What the task asks: For this exercise, output the entries below exactly from the line that holds "가장 유명한 두부 튀김, 소고기 볶음, 계란새우볶음밥, 비빔면을 주문했습니다." to the line that holds "웃는 아이. 사랑스러워", both ends included. No pictures belong in the copy.

*** Source material ***

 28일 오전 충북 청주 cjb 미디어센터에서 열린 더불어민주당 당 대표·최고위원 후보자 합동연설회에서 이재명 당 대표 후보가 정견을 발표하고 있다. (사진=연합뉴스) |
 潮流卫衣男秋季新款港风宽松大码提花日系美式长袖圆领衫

***
*** Source material ***

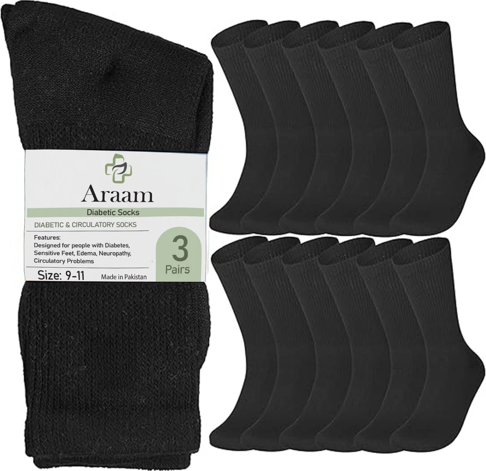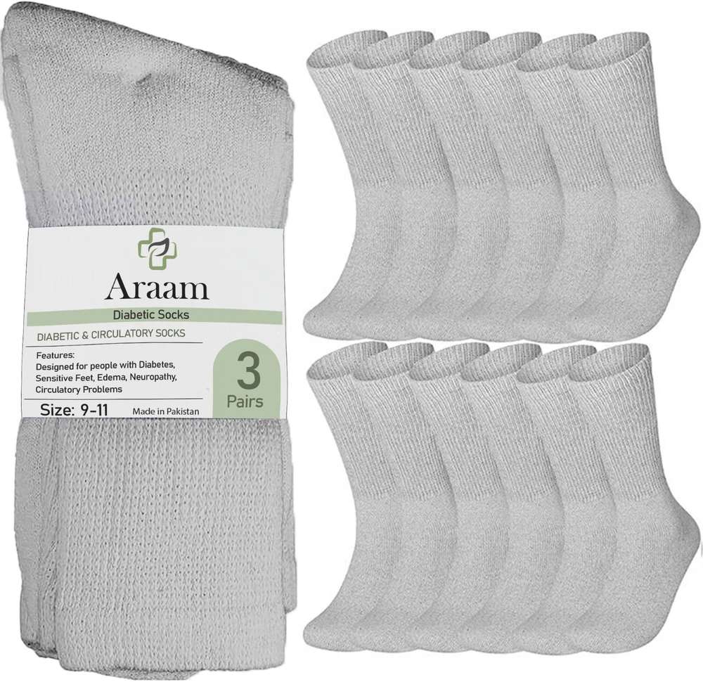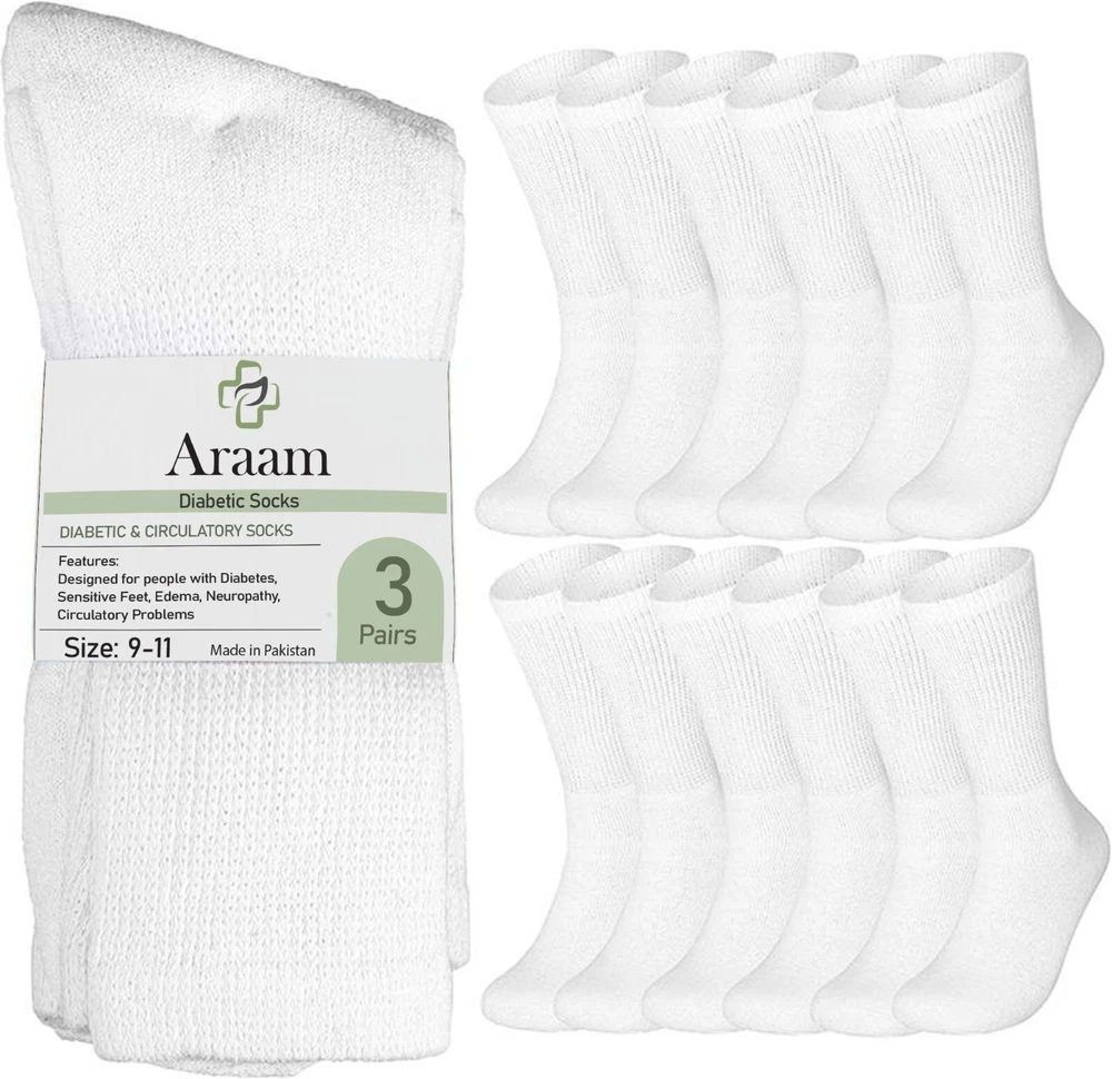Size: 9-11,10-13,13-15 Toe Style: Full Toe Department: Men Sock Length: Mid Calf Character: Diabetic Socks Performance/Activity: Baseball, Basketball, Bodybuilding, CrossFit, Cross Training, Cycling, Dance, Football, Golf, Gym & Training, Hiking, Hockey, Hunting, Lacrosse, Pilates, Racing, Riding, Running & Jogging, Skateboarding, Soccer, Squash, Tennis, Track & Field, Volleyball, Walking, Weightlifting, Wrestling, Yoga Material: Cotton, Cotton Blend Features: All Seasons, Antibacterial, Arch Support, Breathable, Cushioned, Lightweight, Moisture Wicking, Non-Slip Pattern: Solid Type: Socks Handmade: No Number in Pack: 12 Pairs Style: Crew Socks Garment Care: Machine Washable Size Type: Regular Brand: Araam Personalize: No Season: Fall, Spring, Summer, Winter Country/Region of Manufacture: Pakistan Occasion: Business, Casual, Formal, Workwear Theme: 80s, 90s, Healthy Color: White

***
*** Source material ***

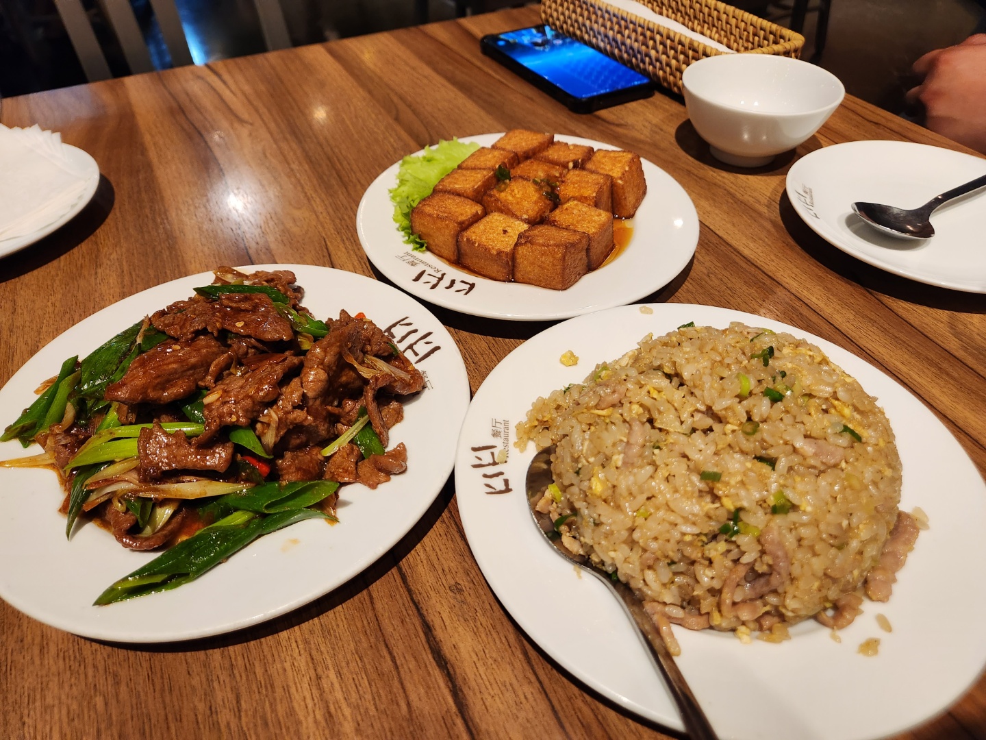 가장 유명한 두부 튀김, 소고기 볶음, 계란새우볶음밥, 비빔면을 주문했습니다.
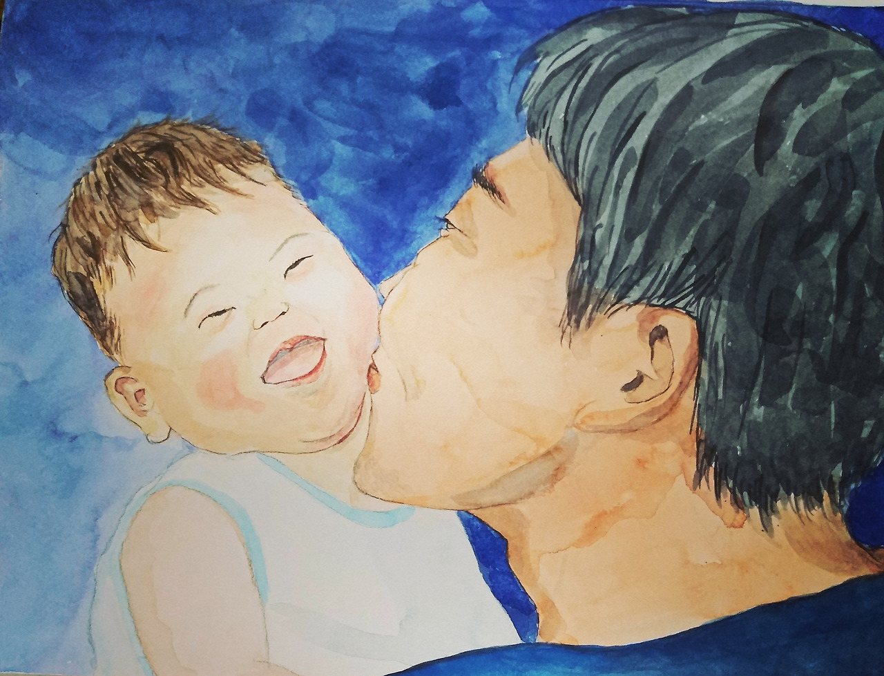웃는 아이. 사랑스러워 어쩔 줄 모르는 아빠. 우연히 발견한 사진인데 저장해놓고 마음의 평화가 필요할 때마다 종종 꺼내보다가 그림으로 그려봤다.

***

Response area:
 가장 유명한 두부 튀김, 소고기 볶음, 계란새우볶음밥, 비빔면을 주문했습니다.
웃는 아이. 사랑스러워 어쩔 줄 모르는 아빠. 우연히 발견한 사진인데 저장해놓고 마음의 평화가 필요할 때마다 종종 꺼내보다가 그림으로 그려봤다.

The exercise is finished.